Profile



Dr Pankaj Goel, is currently working as a Director and Head of the Cardio-thoracic and Vascular (Heart, Lung and Vascular Surgery) unit at the Ivy Hospital, Amritsar.

After completing his MCh in cardio-thoracic and vascular surgery from GB Pant Hospital, Delhi University in 1998, Dr Goel worked at Madras Medical Mission, Chennai for three years. Here he obtained training in complex paediatric cases. Thereafter he went to Australia (Royal Perth Hospital) for further training and experience.

Dr Goel joined the Fortis Escorts Hospital, Amritsar in 2003. Since 2008 , in his capacity as HOD at the same hospital he has done pioneering work and established cardio-thoracic and vascular surgery in the city.

The Goel's unit now routinely performs all types of cardiac, thoracic and vascular surgeries with results comparable to the best centres in the world. Dr Goel is responsible for many firsts in the region.

Dr Goel has several research papers published in indexed journals. He has authored a book on cardiac surgery. He has an original technique for harvesting saphenous vein to his credit.

In 2009, Dr Goel was elected member of the prestigious Society of Thoracic Surgeons , USA. He is also a member of the Indian Association of Cardio-thoracic surgery and CTS Net.

At Ivy Hospital, Dr Goel routinely performs all types of Cardiac, thoracic (including thoracoscopic) and vascular procedures.


Thursday, 4 May 2017

Leriche Syndrome- Treatment by thoraco bi-femoral grafting.

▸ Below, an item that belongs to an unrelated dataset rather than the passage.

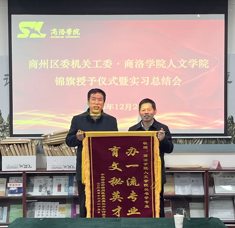 会议伊始,商州区委机关工委向伟德体育官方网站授予锦旗,以此对伟德体育官方网站秘书学专业实习生在实践岗位展现出的专业素养、务实作风和良好精神风貌表示高度认可与诚挚感谢。金红卫和张文诺分别代表各自单位授旗和接旗。
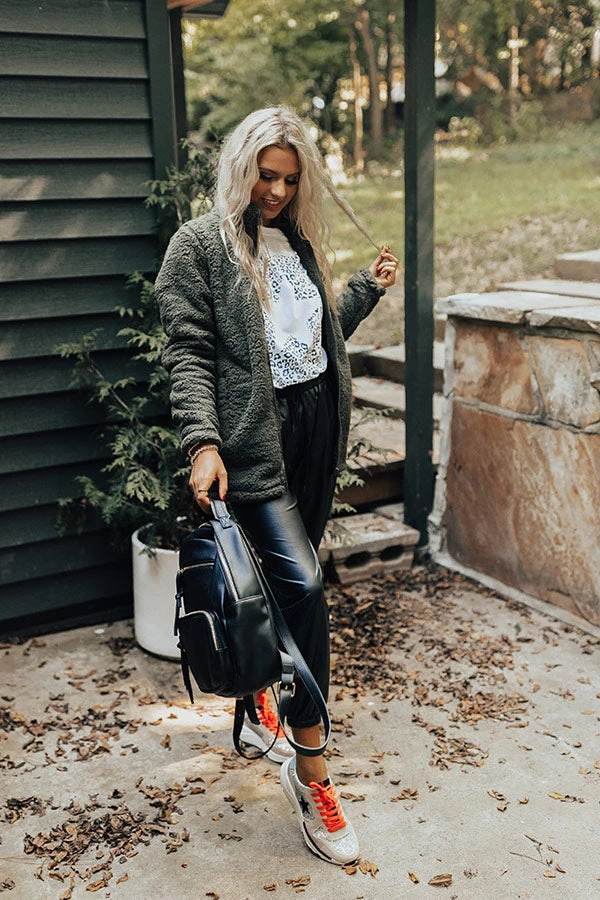 You are sure to have fond memories when you wear this cozy olive colored jacket featuring ultra soft sherpa material, long loose sleeves, a zip closure front with a collared neckline, accent side pockets, and a relaxed silhouette that ends in a straight hemline!

A 32 year old gentleman was referred to us with pain in calf and blackening of toes of his right foot for a week. He gave history of weakness in both lower limbs and erectile dysfunction for past 2 weeks. On examination he had absent femoral arterial pulses bilaterally. The pre-operative CT angiogram showed complete occlusion of juxta renal abdominal aorta with filling of iliac vessels via collaterals.(figure1). The symptoms and angiogram findings are classical features of Leriche syndrome. He had an absent right brachial pulse with occlusion of rt. axillary artery on angiogram. Since the patient was anon smoker the findings were suggestive of aorto arteritis as etiology.



Figure 1.-Pre-operative CT - complete occlusion of juxta reanl aorta (arrow)
 In view of his symptomatic status we decided to offer him surgery. A thoraco bifemoral graft was performed. Thoracic aorta was exposed via a lt thoracotomy(black arrow) and using a bifurcated aortic graft vascular supply was restored to both lower limbs (white arrows)relieving his pain and preventing gangrene.
Post-operative CT- thoraco bifemoral graft in place with restoration of blood supply.
Conclusion- Aorto iliac occlusive disease is a serious disease causing lot of morbidity and mortality. Amputation rates are very high in these patients. Atherosclerosis is the most common cause. Smoking is another major cause. Aorto arteritis is a cause in the young. In the symptomatic patients blood supply has to be restored either by surgery or percutaneous intervention to relieve symptoms and prevent amputation.